Check that the data runs listed in the table at top left are all the ones you want to integrate, then press Integrate. If this is not the first time you've integrated the data you'll be prompted if you want to overwrite the ".x" files or create a new subdirectory. I nearly always do the former. Denzo writes a file with extension ".x" that contains the spots that are integrated on a particular image, as well as the current integration and crystal parameters. Scalepack then reads all these .x files to scale and merge the data. During integration Denzo will happily wait for frames that are being collected - just make sure it isn't hanging up at the end of data collection waiting for frames that will never arrive. Denzo will display the position residuals (chi2) for detector X and Y between predicted and observed spot positions.
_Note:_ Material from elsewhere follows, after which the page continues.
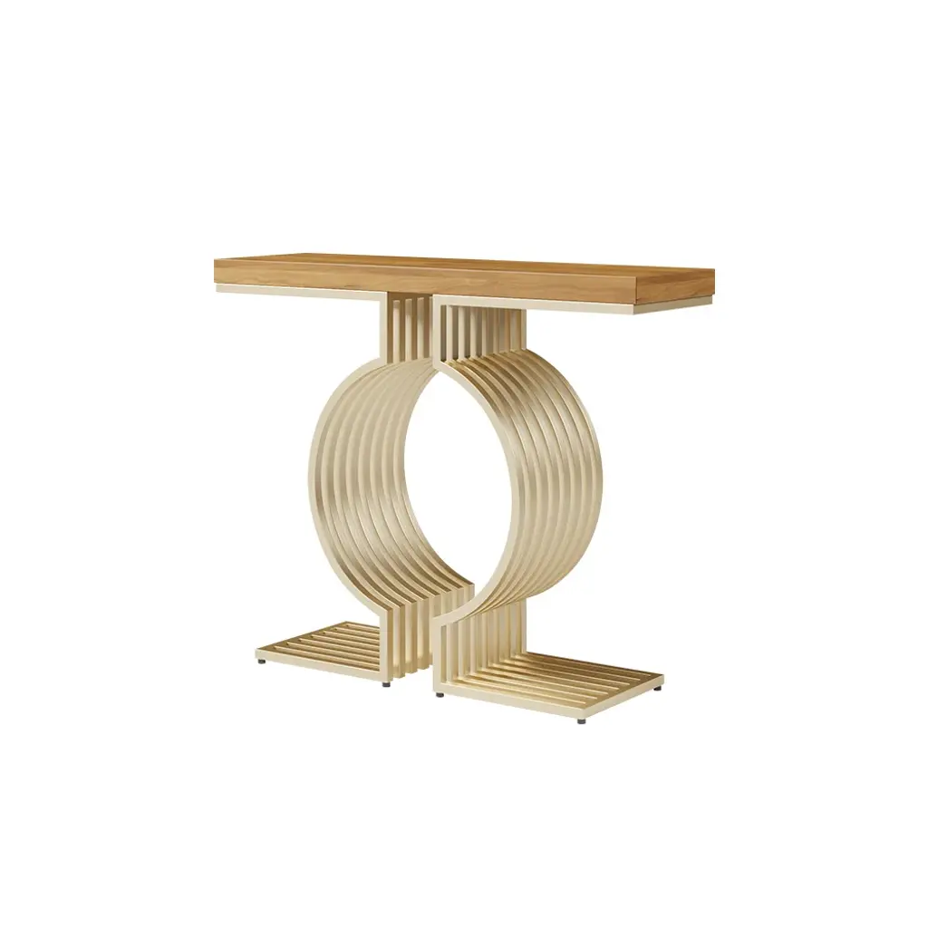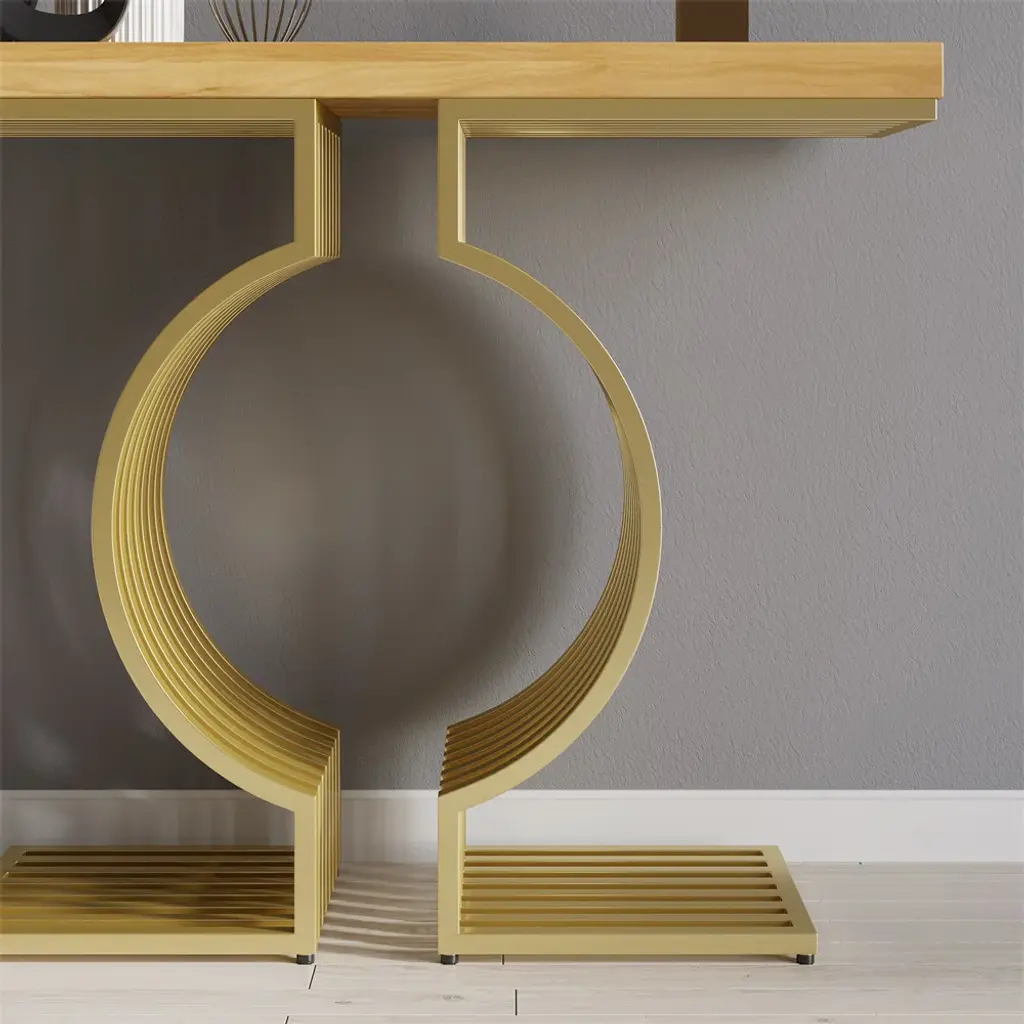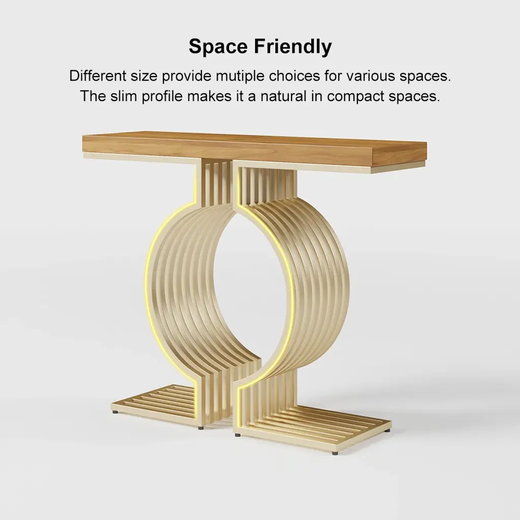 Upgrade your space with this modern console table featuring a sleek natural top and a geometric gold base. Made from high-quality materials, it's perfect for entryways, hallways, or living rooms. Easy to assemble with detailed instructions included.

Something less than 1.5 is desired here. The "Integration Information" panel at lower right will show you positional chi2, unit cell parameters etc during integration. It's not all that uncommon for one or more parameters to drift during integration since the initial indexing was done of one frame and the parameters are refined locally off one or a very small number of frames - they aren't estimated over a large angular range. Nevertheless you shouldn't see mosaicity or distance wander very much (although mosaicity can be anisotropic). If they do you might consider fixing them during integration. Most of what goes on in the integration tab isn't all that exciting in terms of monitoring data quality, but you still want to make sure those residuals are small. |
Inherently a number of semi-empirical parameters are refined to minimize the intensity differences between observed reflections that should have the same intensities based on symmetry. This requires an expectation of what the error should be based on the strength of the data and of what the likely point group symmetry is.
Symmetry: in this example we picked a Bravais lattice (i.e. primitive tetragonal) which can accommodate two different point groups, 4 and 422. The former has a single four-fold symmetry axis and the latter also has two-fold symmetry axes perpendicular to the four-fold. Alternatively speaking: point group 4 has eight symmetry-equivalent reflections in a complete sphere of data and 422 has sixteen of them (assuming Friedel's Law holds - no anomalous scattering). By picking a space group that is compatible with the Bravais lattice you intrinsically assign a point group to the data: space group P43 is in point group 4 and space group P43212 is in point group 422.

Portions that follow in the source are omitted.